▶ Exercise goal
For the entries that follow, retype exactly the lines from the one containing "Neon Purple Blue" to the one containing "Multi-Pack Red CZ", inclusive, and only those. Images stay out of the copy.

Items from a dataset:
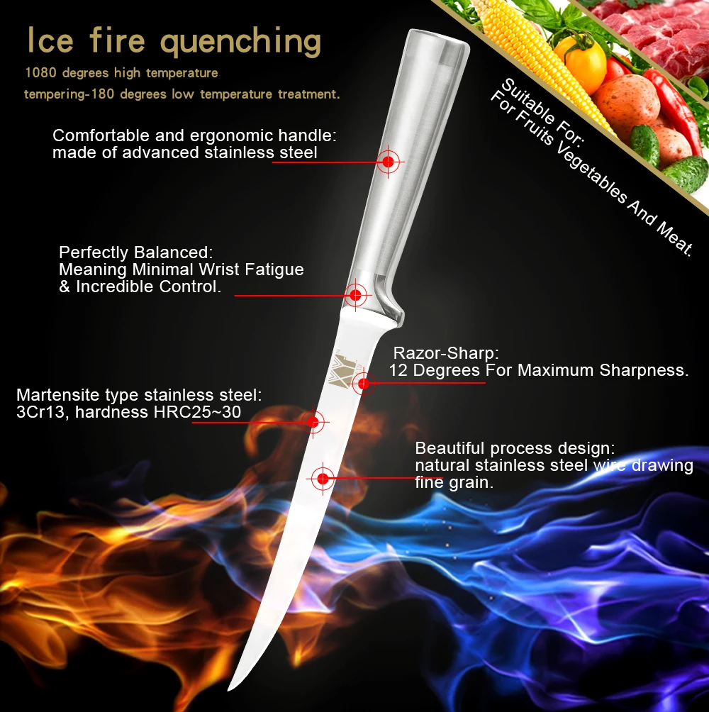 Спецификация: Материал лезвия: нержавеющая сталь Материал ручки: нержавеющая сталь Посылка включает в себя: 1*6 дюймов/7 дюймов/8 дюймов рыболовный нож 1. Удобная ручка: эргономичная ручка обеспечивает превосходный комфорт и не скользит даже ваши руки влажные. 2. Материал хорошего качества: изготовлен из нержавеющей стали, высокоуглеродистой, без пятен, устойчив к ржавчине, коррозии и обесцвечиванию. 3. Хорошее качество изготовления: Точная конструкция для лучшей прочности и долговечности. 4. Острый край: с острым краем, обеспечивает дополнительную стабильность, легкость хонинга, остроту, и он более эффективен при резке и измельчении. 5. Широкое использование: Идеально подходит для скрепления или филе рыбы. 6. Компактный и легкий: компактный дизайн для удобного хранения и переноски. 7. Идеальный подарок: Отличный подарок для домашних поваров, профессиональных поваров, кулинарных студентов и многого другого. 8. Легко чистить: просто мыть с мылом и сушить. Обратите внимание: 1. Из-за различных методов измерения размер и вес продукта могут иметь небольшую погрешность. 2. Пожалуйста, не помещайте в посудомоечную машину.
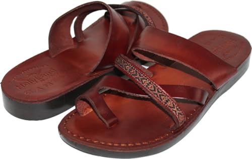 Holy Land Market Men/Women Biblical Jesus Leather/Embroidered Sandals/Slides From Jerusalem (Elijah Style) 7
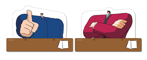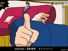 くじでは,成歩堂龍一,御剣怜侍,王泥喜法介などおなじみのキャラクターたちの賞品が登場。いつもの法廷の背景,いつものポーズのキャラクターたちがsattou氏によって描かれている。ただ,どのキャラクターももれなく肩幅がでかい。
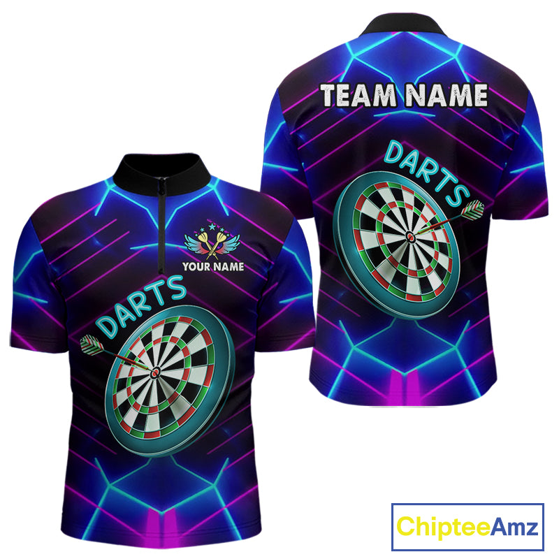 Neon Purple Blue Dart Shirts For Men Custom Glowing Dart Jersey Team Outfit Polo & Quarter Zip TDM3846
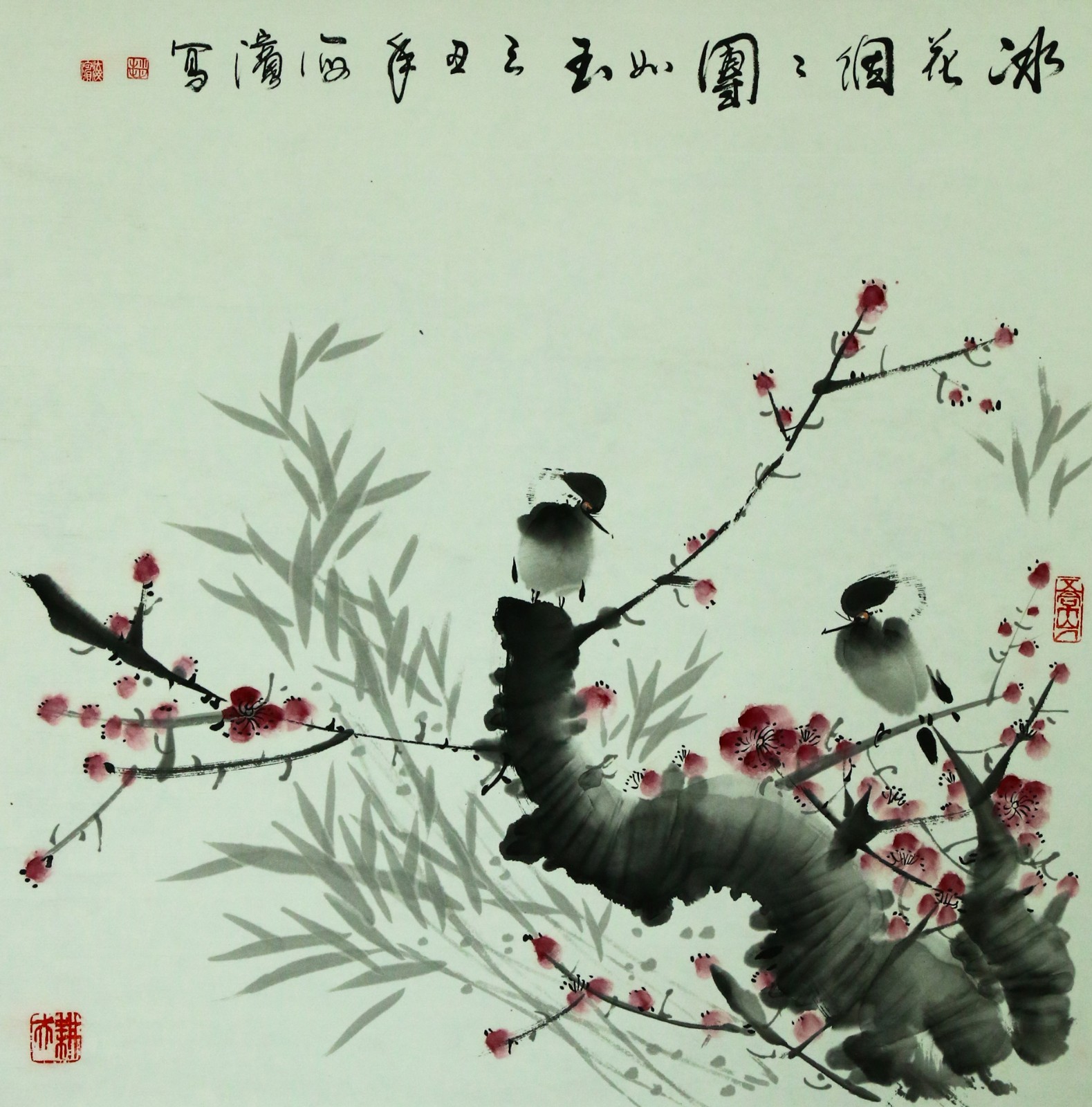 梅花小鸟四条屏(2)
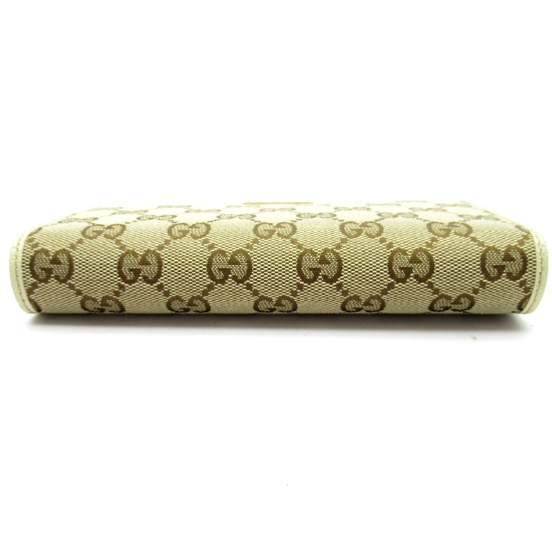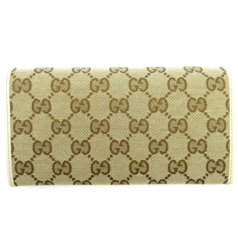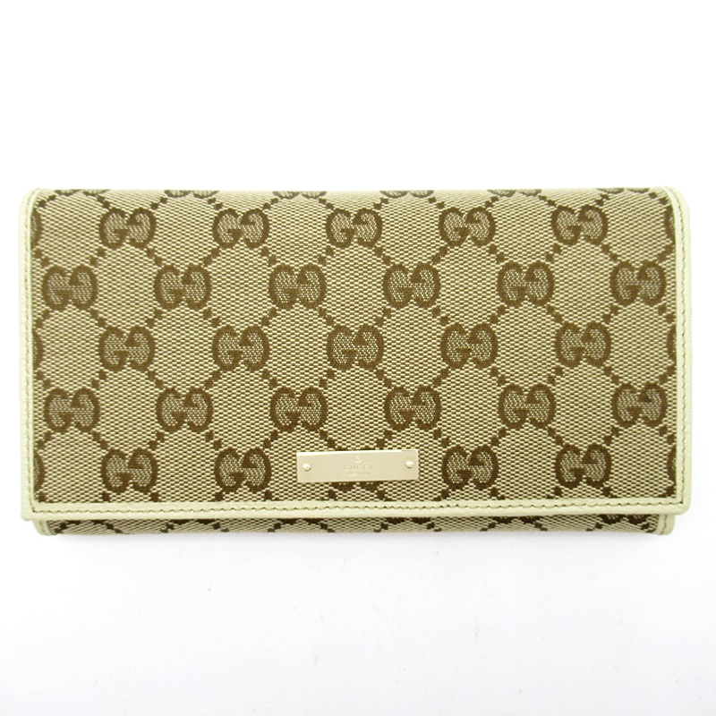 USED品。グッチ王道人気のGGキャンバスと上質なレザーのコンビデザインが、シンプルながらも高級感溢れるお財布です。GUCCIのロゴプレートがアクセントになっています。スリムながらも収納力があり、デザイン性と機能性を兼ね備えています。
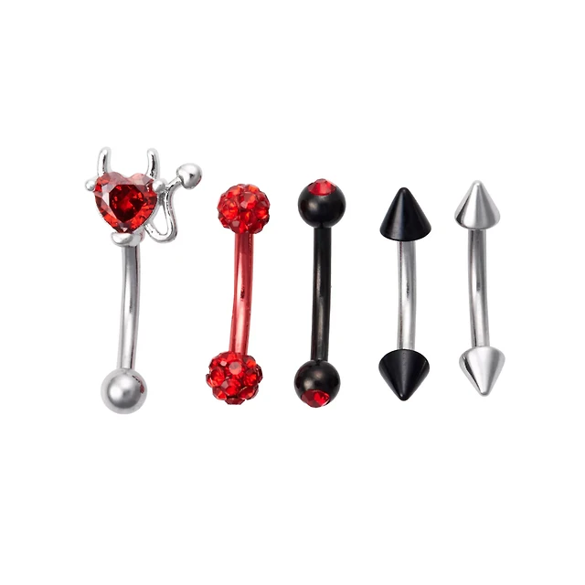 Multi-Pack Red CZ Devil Diamond Heart Curved Barbells 5 Pack - 16 Gauge
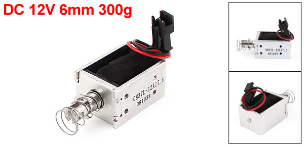 Main Color Silver Tone, Black Brand DMiotech Country of Manufacture CHINA Cable Length 9cm/ 3.5" Model 0837L-12A17.6 Power 8.18W Stroke 6mm Material Metal, Electronic Parts Electrified Rate 50% Force 300g/ 0.66lb Net Weight 98g Rated Voltage DC 12V 0.68A Package Content 1 x DC Solenoid Electromagnet Plunger Size 43 x 8mm/ 1.7" x 0.3"(L*D) Body Size 37 x 26 x 22mm/ 1.5" x 1" x 0.9"(L*W*H) - Reviews

▶ Task output
 Neon Purple Blue Dart Shirts For Men Custom Glowing Dart Jersey Team Outfit Polo & Quarter Zip TDM3846
 梅花小鸟四条屏(2)
 USED品。グッチ王道人気のGGキャンバスと上質なレザーのコンビデザインが、シンプルながらも高級感溢れるお財布です。GUCCIのロゴプレートがアクセントになっています。スリムながらも収納力があり、デザイン性と機能性を兼ね備えています。
 Multi-Pack Red CZ Devil Diamond Heart Curved Barbells 5 Pack - 16 Gauge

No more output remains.